European Technical Advisers recordsThe European Technical Advisers was a private American advisory organization created in the spring and summer of 1919 by Herbert Hoover, head of the American Relief Administration, in response to concerns that post-peace treaty demobilization of the Central European network of military advisers would leave a serious vacuum in the coordination of highly-complicated economic and technical functions. Technological novelty, governmental disorganization and international antagonisms, as well as wartime disruption of industrial infrastructures, were major problems threatening the rapid re-establishment of economic stability in the area.

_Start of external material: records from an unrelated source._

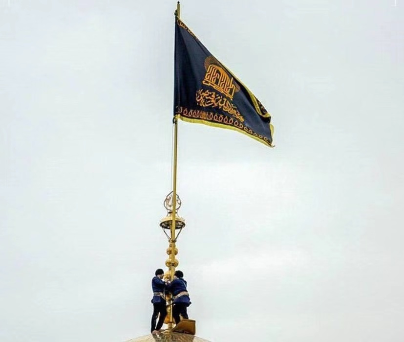 在真主黨領導人哈桑·納斯魯拉去世消息傳出後,在伊朗馬什哈德的伊瑪目禮拜堂升起了黑旗。黑旗是什葉派伊斯蘭教中用來表達悲傷的傳統符號,也代表着赴死的決心、戰爭的爆發,以及國家可能面臨新的危機與挑戰。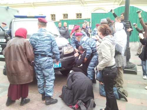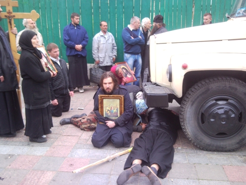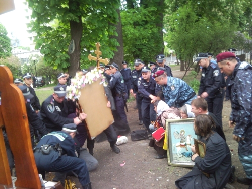 На следующее утро, 15 мая, когда православные мирно молились на месте уничтоженного храма, их окружила милиция, а затем, без предъявления каких-либо претензий о правонарушении, спецназовцы стали силой разгонять верующих, подвергая часть их них насильственному задержанию. По-садистки обошлись с Валентином Лукияником, председателем Союза православных братств Украины. Валентин Борисович уже более суток томится в заключении и предстанет перед судом. За что?! За то, что он православный?!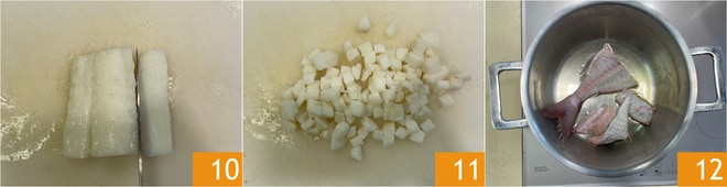 Cortad el bacalao del mismo tamaño 10 11. Poned las espinas y los restos del pargo en una olla 12.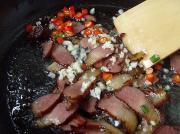 锅置火上少许油烧热,将腊肉炒香,肥肉部分炒至透明色。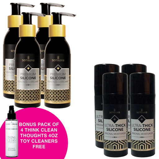 Contains 4 bottles each of Premium Silicone Personal Lubricant 4.2 oz. and Ultra-Thick Silicone Personal Moisturizer 4.2 oz.FREE BONUS: Contains 4 ...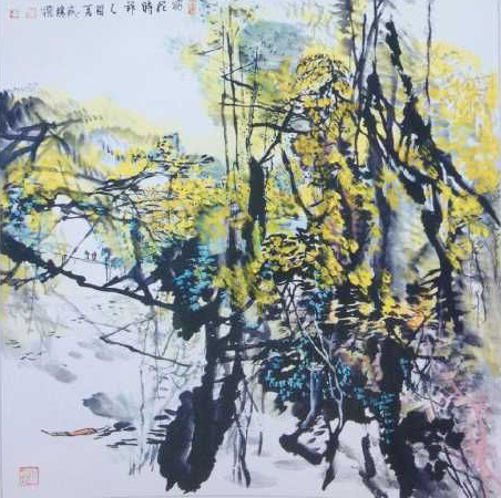 鹏飞早年一度在山区工作,一有空就登山涉水,观察四时之变化,领略山川之灵秀。对云峰撄动,丘壑幽深,都有深刻的感受。他对景写生,收集素材,逐渐地摆脱早期的习作气。从认识传统、学习传统的“师古人”,进而“师造化”,再进而“师诸心”,这是一个长期而艰苦的过程。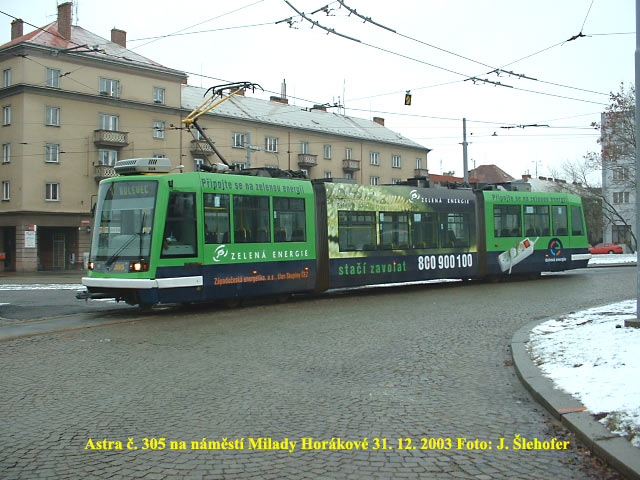 vůz - Astra č. 305. Současně byly upraveny i polepy vozů 306 a 307.

Mr. Hoover suggested the establishment of a consulting organization in each country, supported by the funds of the respective governments (usually taken from reparations remittances). The technical advisers were agents of the countries in which they worked; however, their efforts were supported by offices in New York and Paris, staffed by American Relief Administration (A.R.A.) personnel, and supervised by a Board of Trustees. Mr. Hoover was the first Chairman of the Board, but upon his becoming Commerce Secretary in the Harding Administration, this function was divided between W.B. Poland and Edgar Rickard. Colonel James A. Logan, Jr. headed the Paris agency, which served as an important liasion between the technical advisers, the A.R.A., the Reparations Commission and other Allied authorities headquartered in Paris.
The technical advisers were primarily responsible for generating reports and recommendations, but they often served important executive functions as well, particularly in negotiating with other countries and in conferring with officials and businessmen. Theoretically, each mission had a technical adviser, a food adviser and a financial adviser; in actuality, the focus was on mining, manufacturing, transportation, and industry. Of prime importance was the condition of the railways: the technical advisers worked on problems relating to procurement of adequate rolling stock, transportation of food and fuel, incorporation of regional networks, and evaluation of tariffs, import and export licensing, rates, administrative organization, and schedules. The advisers also dealt with similar problems relating to the production and distribution of coal and oil, as well as other commodities (textiles, timber, sugar, grain); their coordinative efforts also greatly aided the A.R.A. in providing relief aid within these areas. After two years, sufficient progress had been made to allow the official termination of the missions in late 1921-early 1922.